-- Data follows --
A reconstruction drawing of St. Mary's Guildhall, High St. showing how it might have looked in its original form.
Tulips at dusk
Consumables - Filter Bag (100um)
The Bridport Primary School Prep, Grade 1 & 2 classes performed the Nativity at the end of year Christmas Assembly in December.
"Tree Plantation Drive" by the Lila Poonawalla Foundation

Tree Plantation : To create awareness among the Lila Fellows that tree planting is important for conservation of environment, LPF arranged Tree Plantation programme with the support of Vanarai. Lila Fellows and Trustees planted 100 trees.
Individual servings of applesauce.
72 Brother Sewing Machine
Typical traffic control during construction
-- Data concluded --
-- Data follows --
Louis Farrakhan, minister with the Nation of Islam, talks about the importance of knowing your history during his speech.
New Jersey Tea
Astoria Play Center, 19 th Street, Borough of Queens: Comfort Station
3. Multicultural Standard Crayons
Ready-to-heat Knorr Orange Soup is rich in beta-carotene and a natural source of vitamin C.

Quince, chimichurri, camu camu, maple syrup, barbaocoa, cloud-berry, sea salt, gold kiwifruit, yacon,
-- Data concluded --
Your instructions: In the entries above, find the line holding "A reconstruction drawing" and the line holding "Typical traffic control during construction"; print both of them and every line between, exactly, and nothing else.

Reply to the task:
A reconstruction drawing of St. Mary's Guildhall, High St. showing how it might have looked in its original form.
Tulips at dusk
Consumables - Filter Bag (100um)
The Bridport Primary School Prep, Grade 1 & 2 classes performed the Nativity at the end of year Christmas Assembly in December.
"Tree Plantation Drive" by the Lila Poonawalla Foundation

Tree Plantation : To create awareness among the Lila Fellows that tree planting is important for conservation of environment, LPF arranged Tree Plantation programme with the support of Vanarai. Lila Fellows and Trustees planted 100 trees.
Individual servings of applesauce.
72 Brother Sewing Machine
Typical traffic control during construction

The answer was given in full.